I was just going to go rummage around in the basement looking for the special tupperware. This information is disquieting, but I think I'm not going downstairs more b/c I don't feel like it.

I don't do it much any more, mostly because in my case, I get the hungries.


----------



## Terror Kovenant (Nov 16, 2008)

jcc78 said:


> Your either joking or incredibly ignorant; I think its the later.
> 
> Cannabis is non toxic, meaning non harmful, you cannot possibly overdose.The amount of THC in your blood to cause an overdose is physically inpossible to consume, its equivilant to smoking 1000 fat blunts within an hour, and somehow keep all of the THC from escaping from exhaling.


Non-toxic does not mean non harmful. Just because you can't overdose doesn't mean it isn't bad for you.




> Secondly its non addictive, you cannot possibly get addicted to it.


Yes you can, you can get addicted to anything. While it may not be chemically addictive, there are plenty of habitual users who can't kick the habit. 
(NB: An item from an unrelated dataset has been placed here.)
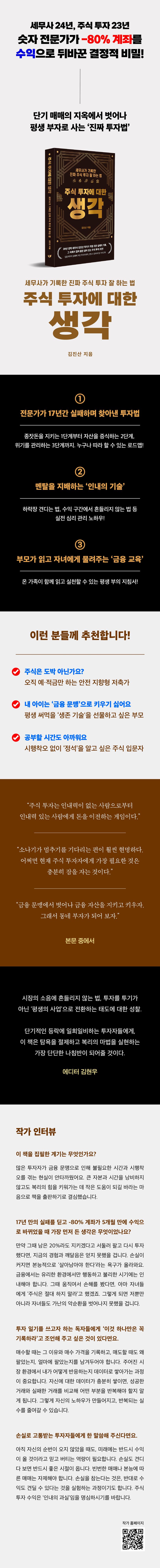 『주식투자에대한생각』은숫자를다루는데능숙한24년차세무사조차시장앞에서는얼마나무력했는지를고백하는,가장처절하고도솔직한‘실패의인문학’이다.저자는17년이라는긴시간동안욕심과본능에휘둘리며겪어야했던시행착오와,코로나19팬데믹당시계좌가-80%까지곤두박질치는공포의순간을가감없이복기한다.그리고그절망의끝에서도망치는대신‘원칙’과‘기다림’이라는투자의본질을붙잡아극적인반전을이뤄낸다.이책은단순히수익률을높이는기술을나열하는실용서가아니다.시장의소음에흔들리지않고자신의그릇을키우는법,그리고투기를멈추고투자를‘평생의사업’으로전환하는태도에관한묵직한성찰이다.단기적인등락에일희일비하며길을잃은투자자들에게,이책은탐욕을절제하고원금을지키며복리의마법을실현하는가장단단한나침반이되어줄것이다.-페스트북편집부책속에서20여년간주식투자를하면서느낀다양한경험과생각,마음을2020년중순부터글로남기기시작했다.마치일기처럼.처음에는온전히나를위한글로시작했다.그런데글을쓰면서이러한경험을자녀에게전해주고싶은생각이들었다.나와가족을위한글이목적이었다.그런데굳이가족을위한글로한정할필요는없겠다는생각이들었다.가족을위한글이라면다른사람들에게도충분히도움이될수있을것같았다.이것이『주식투자에대한생각』이세상에나오게된이유다.-p.5주식을샀으면산사실을잊어라.그리고자신의일에집중해라.자신의삶에집중해라.그러면자산이,시간이,갈수록커진다.바로여기에주식투자의묘미가있다.주식투자에서부지런하고성실한태도는도움이되지않는다.그에너지와열정을자신의삶에집중하고주식투자에서는개미보다베짱이가되는것이좋다.-p.52버는투자보다잃지않는투자를권한다.필자도많은손실을본상태에서멘탈이완전히붕괴되었고모아온주식을시장에헐값에갖다버렸다.그런행위들을반복했다.그러다가코로나가터지면서똑같은일이반복될처지였다.본전은꿈과같은목표였다.잃지않으려고'파는행위'를하지않았다.-p.91주식투자는평생투자이다.빨리간다고더멀리가는것이아니다.효율을올린다고시간을재촉하는투자는후회를낳기가쉽다.금융에서는부지런함이때때로치명적인약점이되기도한다.충분한검토속에이루어진투자는쉽게바뀌지않기때문에무척중요하다.-p.151그렇다면언제진입해야손실은최소화하고이익은극대화를할수가있는가?좋은주식임에도불구하고만인이그주식을내다버릴때가기회다.대부분의주식은저평가구간을거치게되어있다.다만인내가부족해서그때를기다려사지못하고,실제로저평가구간에접어든시기에는심리상태가무너져서헐값으로시장에내던지고만다.-p.239주식투자일기를남긴것은아빠와같은실수를반복하지않도록자녀들에게기록을남기고싶어서였습니다.그런데시간이지나다시읽어보니그것이저에게도큰도움이되더군요.그러다보니‘가족만볼것이아니라다른투자자들에게도도움이될수있지않을까?’라는생각이들었습니다.무엇보다많은투자자가금융문맹으로인해불필요한시간과시행착오를겪는현실이안타까웠어요.-작가인터뷰돈은주인이어떤태도를취하느냐에따라친구를더많이데려오기도하고,때로는주인에게서떠나기도합니다.주인이돈을존중하고,더커질수있도록대우하면그에맞게따라주고,무리지어다니기도합니다.반대로함부로대하면주인에게등을돌립니다.그래서돈은소중하게다뤄야하며,없으면불편함을느낄정도로만소비합니다.그렇게하면돈스스로도잘자랍니다.-작가인터뷰과거의저는손실때문에짜증과화가나저가에주식을팔아버린적이많습니다.그런데시간이흐르고보면,그주식중상당수가몇배씩오른경우가많았습니다.시장과내가같은방향이아닐때가많다는것을깨달았죠.아직자신의순번이오지않았을때도,미래에는반드시수익이올것이라고믿고버티는역량이필요합니다.시장에서끝까지버티세요.투자할때의마음가짐을잊지말고,손실도견디다보면반드시좋은시절이옵니다.-작가인터뷰

> Meanwhile you got substances like Vicodine, morphine, ect. that are pain killers, can form addictions easily, and can cause death by overdose.


Naproxen sodium. Pain killer. Non habit forming, hard to OD with, even harder to die with, may but rarely cause circulatory issues. But thats the same thing with Motrin. Two very safe pain killers. Acetaminophin is safe for every day use. Tramadol is pretty safe as well. 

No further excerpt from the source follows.